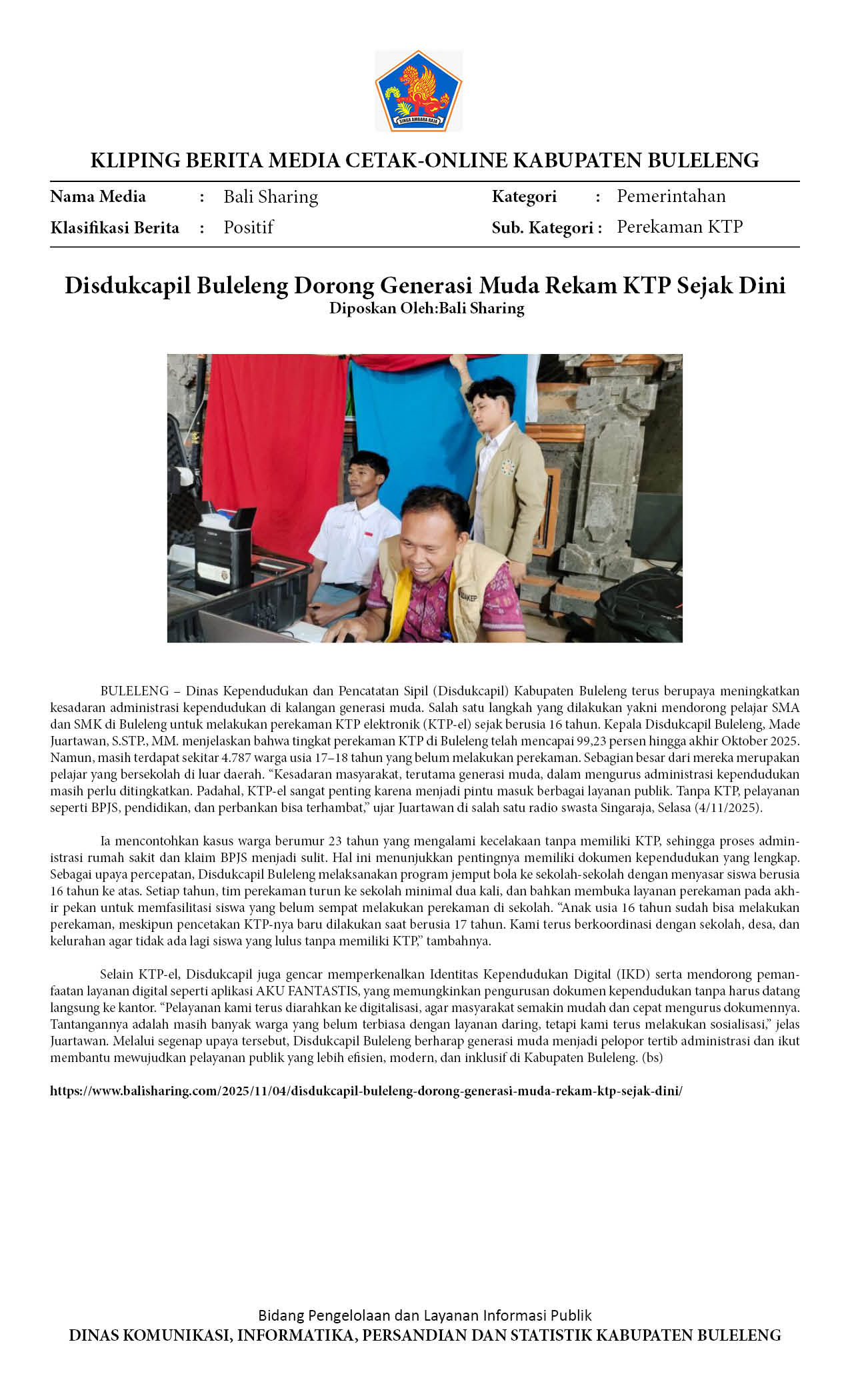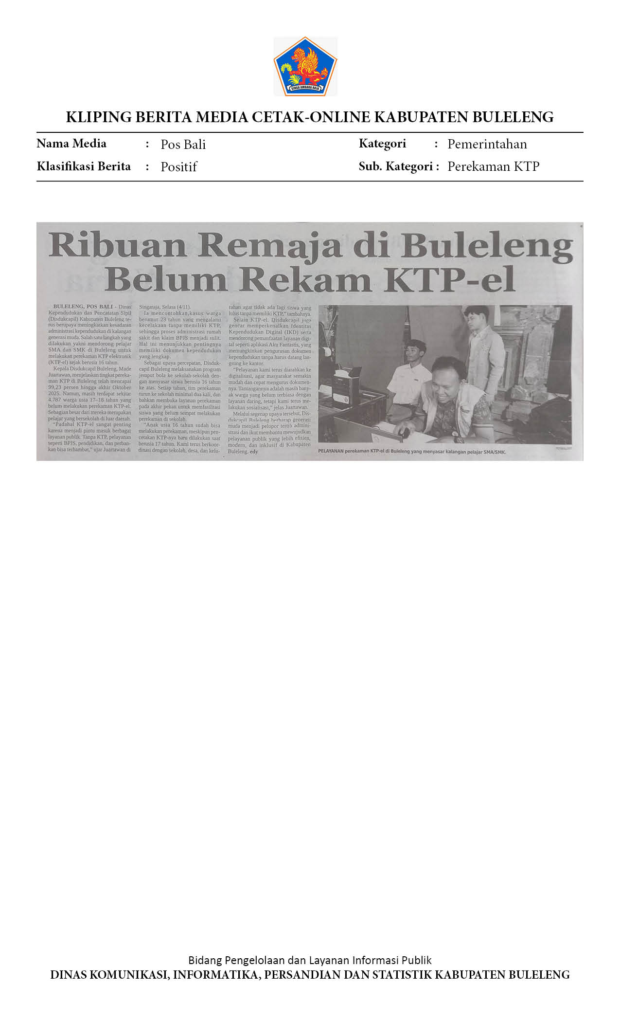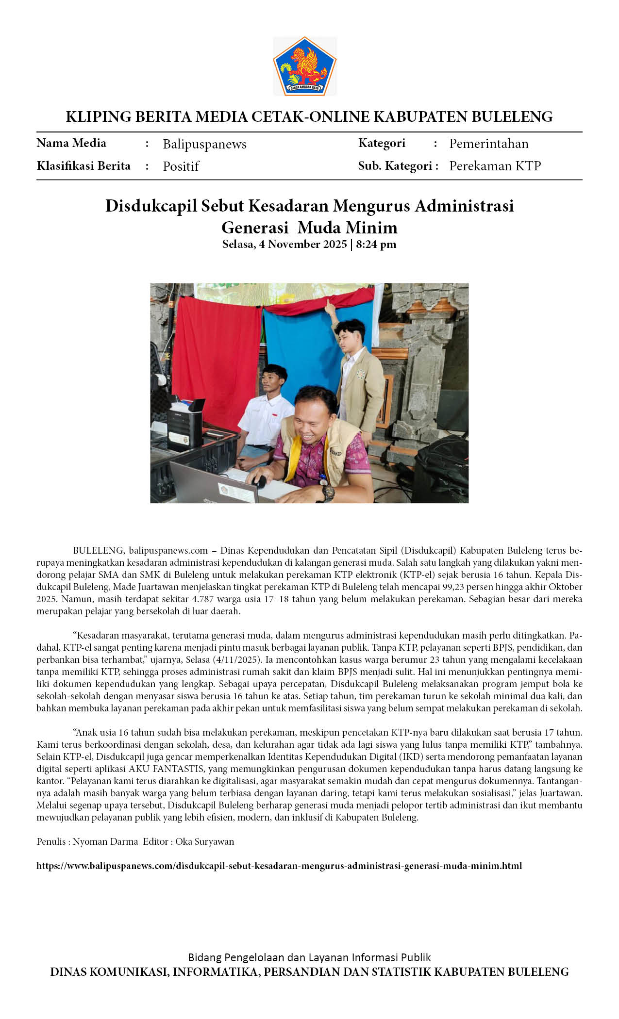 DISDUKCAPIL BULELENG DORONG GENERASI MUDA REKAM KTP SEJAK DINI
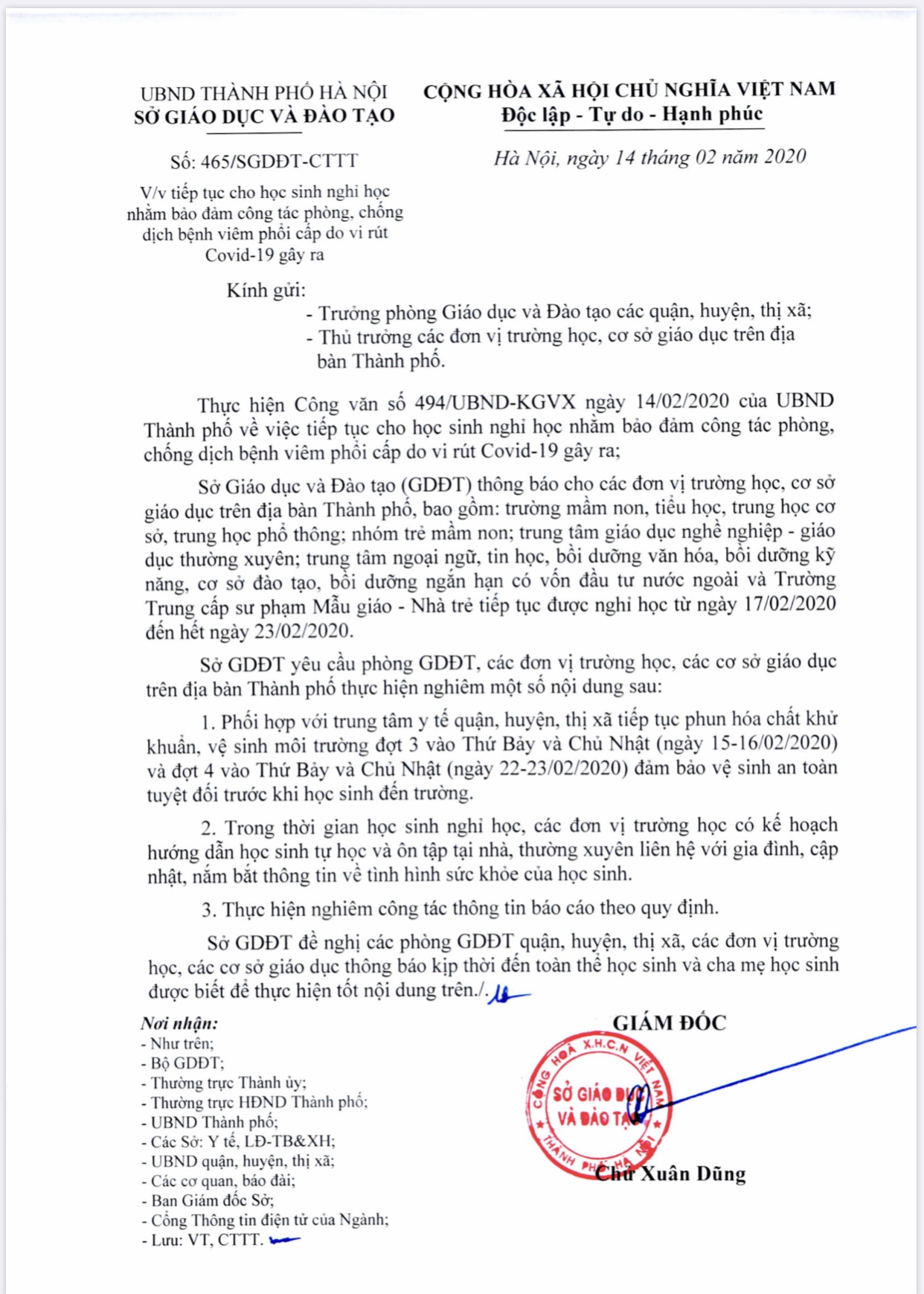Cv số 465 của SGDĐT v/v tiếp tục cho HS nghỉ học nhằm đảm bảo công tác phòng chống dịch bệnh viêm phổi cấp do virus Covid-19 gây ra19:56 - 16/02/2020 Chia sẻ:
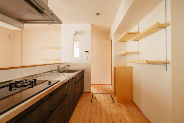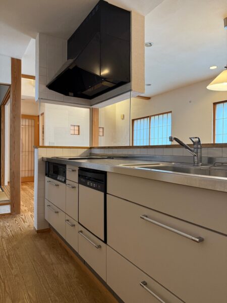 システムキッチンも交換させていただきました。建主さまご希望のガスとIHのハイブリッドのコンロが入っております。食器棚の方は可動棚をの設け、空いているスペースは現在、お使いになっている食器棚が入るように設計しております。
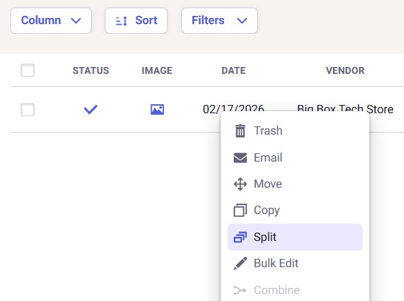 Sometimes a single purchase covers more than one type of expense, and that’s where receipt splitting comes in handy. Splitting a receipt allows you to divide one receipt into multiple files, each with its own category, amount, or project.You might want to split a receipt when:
---
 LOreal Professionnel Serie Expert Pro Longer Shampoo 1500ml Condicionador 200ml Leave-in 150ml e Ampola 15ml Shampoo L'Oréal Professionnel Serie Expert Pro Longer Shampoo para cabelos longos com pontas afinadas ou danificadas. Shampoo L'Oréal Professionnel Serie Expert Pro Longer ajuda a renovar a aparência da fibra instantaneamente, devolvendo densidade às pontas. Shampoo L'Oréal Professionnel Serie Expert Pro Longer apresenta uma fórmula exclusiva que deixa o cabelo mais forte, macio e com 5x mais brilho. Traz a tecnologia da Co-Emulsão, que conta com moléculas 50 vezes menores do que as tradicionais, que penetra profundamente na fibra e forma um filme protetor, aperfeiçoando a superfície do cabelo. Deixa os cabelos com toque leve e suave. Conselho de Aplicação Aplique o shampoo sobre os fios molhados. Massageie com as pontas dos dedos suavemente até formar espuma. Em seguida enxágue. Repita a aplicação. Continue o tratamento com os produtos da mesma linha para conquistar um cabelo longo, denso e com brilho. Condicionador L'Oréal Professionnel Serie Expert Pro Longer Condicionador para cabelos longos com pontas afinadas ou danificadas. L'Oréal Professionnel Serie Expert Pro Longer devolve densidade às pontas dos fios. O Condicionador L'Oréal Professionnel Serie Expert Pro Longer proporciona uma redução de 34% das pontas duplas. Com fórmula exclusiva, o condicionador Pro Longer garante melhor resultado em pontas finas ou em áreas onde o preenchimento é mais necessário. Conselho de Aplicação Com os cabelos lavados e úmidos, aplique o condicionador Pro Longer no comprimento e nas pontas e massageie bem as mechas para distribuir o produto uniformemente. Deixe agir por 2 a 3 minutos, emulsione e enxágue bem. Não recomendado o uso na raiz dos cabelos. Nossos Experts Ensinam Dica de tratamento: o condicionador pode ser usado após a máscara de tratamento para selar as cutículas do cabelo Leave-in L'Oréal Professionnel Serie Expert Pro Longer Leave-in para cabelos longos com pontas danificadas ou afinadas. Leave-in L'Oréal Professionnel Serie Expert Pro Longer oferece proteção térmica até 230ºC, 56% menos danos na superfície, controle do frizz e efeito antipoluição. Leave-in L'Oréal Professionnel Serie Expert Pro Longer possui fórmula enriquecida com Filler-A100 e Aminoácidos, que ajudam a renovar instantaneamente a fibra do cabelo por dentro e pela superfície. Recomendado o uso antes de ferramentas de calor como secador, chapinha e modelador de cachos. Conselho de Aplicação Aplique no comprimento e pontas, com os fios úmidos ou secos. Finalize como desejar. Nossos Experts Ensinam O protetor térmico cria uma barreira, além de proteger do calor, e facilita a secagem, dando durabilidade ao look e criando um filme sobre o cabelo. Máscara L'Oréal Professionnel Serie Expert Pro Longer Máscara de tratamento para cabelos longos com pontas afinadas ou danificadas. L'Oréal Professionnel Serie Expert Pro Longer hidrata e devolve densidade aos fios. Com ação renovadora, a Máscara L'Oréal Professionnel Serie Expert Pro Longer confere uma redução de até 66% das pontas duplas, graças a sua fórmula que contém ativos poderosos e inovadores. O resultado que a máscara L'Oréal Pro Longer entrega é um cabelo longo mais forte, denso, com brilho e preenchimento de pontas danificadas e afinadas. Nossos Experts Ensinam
...
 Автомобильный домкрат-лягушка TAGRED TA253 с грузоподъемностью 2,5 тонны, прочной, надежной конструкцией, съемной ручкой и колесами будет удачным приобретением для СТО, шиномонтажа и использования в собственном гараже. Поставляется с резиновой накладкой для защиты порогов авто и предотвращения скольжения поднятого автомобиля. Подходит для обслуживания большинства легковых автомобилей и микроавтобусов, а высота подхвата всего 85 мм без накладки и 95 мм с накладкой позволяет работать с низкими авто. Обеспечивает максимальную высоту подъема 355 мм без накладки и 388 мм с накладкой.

> [TRY IT]
Go back to the lines above and output, exactly as they stand, the ones from the line containing "システムキッチンも交換させて" to the line containing "Sometimes a single". Leave all pictures behind.

> [WRITTEN REPLY]
 システムキッチンも交換させていただきました。建主さまご希望のガスとIHのハイブリッドのコンロが入っております。食器棚の方は可動棚をの設け、空いているスペースは現在、お使いになっている食器棚が入るように設計しております。
 Sometimes a single purchase covers more than one type of expense, and that’s where receipt splitting comes in handy. Splitting a receipt allows you to divide one receipt into multiple files, each with its own category, amount, or project.You might want to split a receipt when:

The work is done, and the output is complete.